- When more than 37,000 health IT professionals get together under one big roof, you expect to hear a lot of buzzwords. Interoperability, patient engagement, and population health were plastered on every booth in the Orange County Convention Center, with companies large and small showing off innovative solutions to shuttle healthcare along its inevitable trajectory towards patient-centered, quality service. While the vast majority of these offerings relied upon or tried to build an integrated model of insights based on the enormous wealth of data being collected by providers every day, there was one term no one seemed to want to mention: big data.
In fact, during three days of interviews with top executives who have extensive experience with analytics, clinical decision support, population health management, and documentation improvement, it only made one single appearance – just after the 28 minute mark of a discussion about cognitive computing with Steve Gold, Vice President of the IBM Watson group.
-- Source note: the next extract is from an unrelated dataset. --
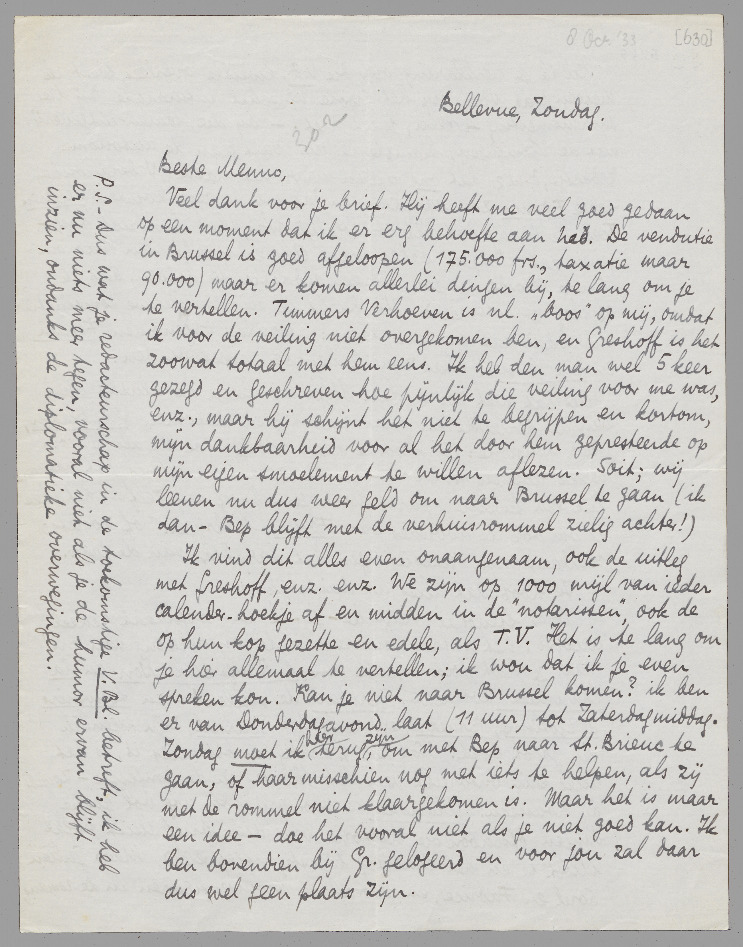 Veel dank voor je brief. Hij heeft me veel goed gedaan op een moment dat ik er erg behoefte aan had. De vendutie in Brussel is goed afgeloopen (175.000 frs., taxatie maar 90.000) maar er komen allerlei dingen bij, te lang om je te vertellen. Timmers Verhoeven is nl. ‘boos’ op mij, omdat ik voor de veiling niet overgekomen ben, en Greshoff is het zoowat totaal met hem eens. Ik heb den man wel 5 keer gezegd en geschreven hoe pijnlijk die veiling voor me was, enz., maar hij schijnt het niet te begrijpen en kortom, mijn dankbaarheid voor al het door hem gepresteerde op mijn eigen smoelement te willen aflezen. Soit; wij leenen nu dus weer geld om naar Brussel te gaan (ik dan - Bep blijft met de verhuisrommel zielig achter!)
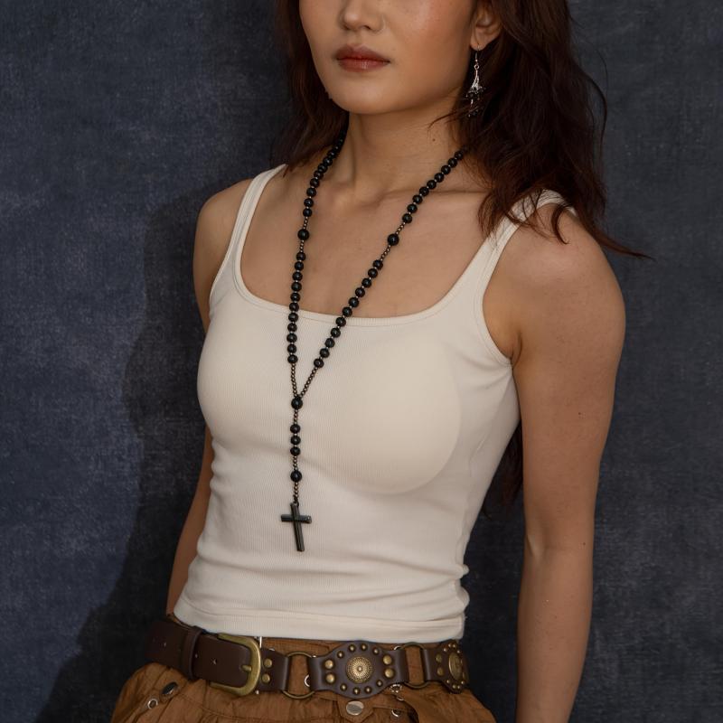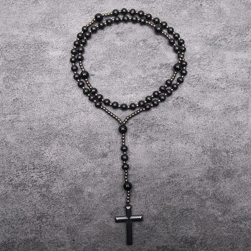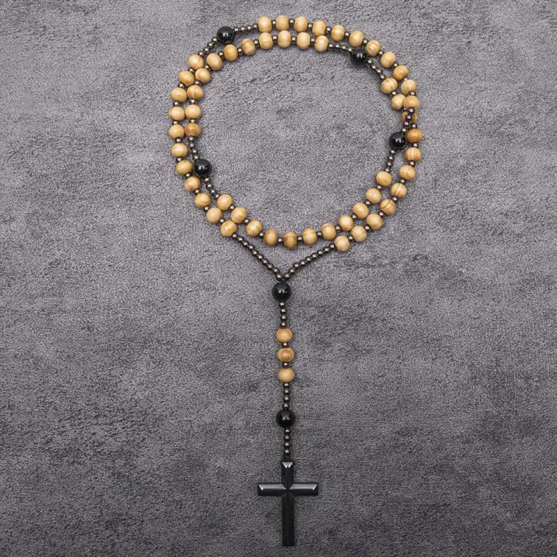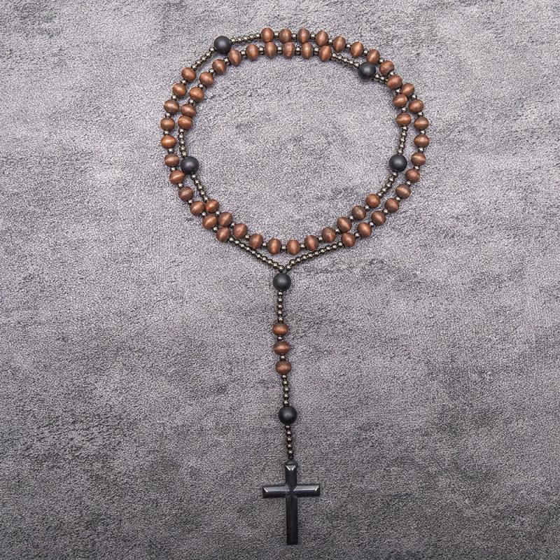 This religious necklace features a cross pendant with beads made of regenerated wood and stone. Perfect for daily wear and as a spiritual gift.

So why aren’t people talking about big data anymore? Because they’ve accepted that all healthcare data is big data, and it’s only going to be getting bigger. “I heard a statistic that says if you’re an epidemiologist, it would take 176 hours a week to keep up with all the new science and information out there,” Gold said. “Now, that’s just not going to happen. Even if that stat is off by an order of magnitude, there’s just no way. It’s not humanly possible.”
While a supercomputer like Watson certainly has the capability to read, digest, and process such an enormous volume of data, and Gold believes that the future of analytics is in the transition from programmatic computing to cognitive machine learning and natural language processing, not every provider has made it to the point of harnessing such sophisticated technology. Many are still struggling with identifying their primary data streams and tidying them up enough to produce meaningful reporting and actionable insights.
Instead of focusing on big data, providers are interested in tackling the cumbersome process of shaping their information to make it small, lean, and smart. “There are small populations that consume a huge amount of resources,” said Steve Fanning, Vice President of Healthcare Industry Strategy at Infor. “We’re talking about 5% of patients making up 40% of all spending. Targeted programs that engage with those people will become very important.”
Most people would call that “population health management,” but that’s almost as nebulous a term as “big data,” Fanning says. “You see the words ‘population health’ on nearly every booth here at HIMSS, but every one of them has a different opinion on what it is. Infrastructure is critical, and analytics are critical, but what’s not there yet is the ability to engage patients and the ability to manage financial risk. That’s a missing ingredient from the population health approach.”
According to Dan Riskin, MD, CEO of HealthFidelity, that lack of a clear consensus among stakeholders is what is preventing providers from using data as a tool to produce overall value. While a number of vendors have started to build momentum with analytics offerings and providers are engaging with commercial companies and researchers to turn data of all sizes into better outcomes with pilots and studies, these small forays into true population health management are not yet at the point of achieving the ultimate goal.
“I think there’s a lot of experimentation, which is good,” he said. “I think vendors are bringing healthcare organizations into this experimentation, which is also good. We need to figure out what will save money and what won’t, and what will improve outcomes and what won’t. But there’s a lack of focus on value. Is this about just trying to push your revenue, or is it about creating value in the system? There’s a certain amount of ROI when it comes to boosting revenue internally, but that isn’t going to change things long-term. If the focus is reducing costs while keeping quality high, that’s a sustainable strategy.”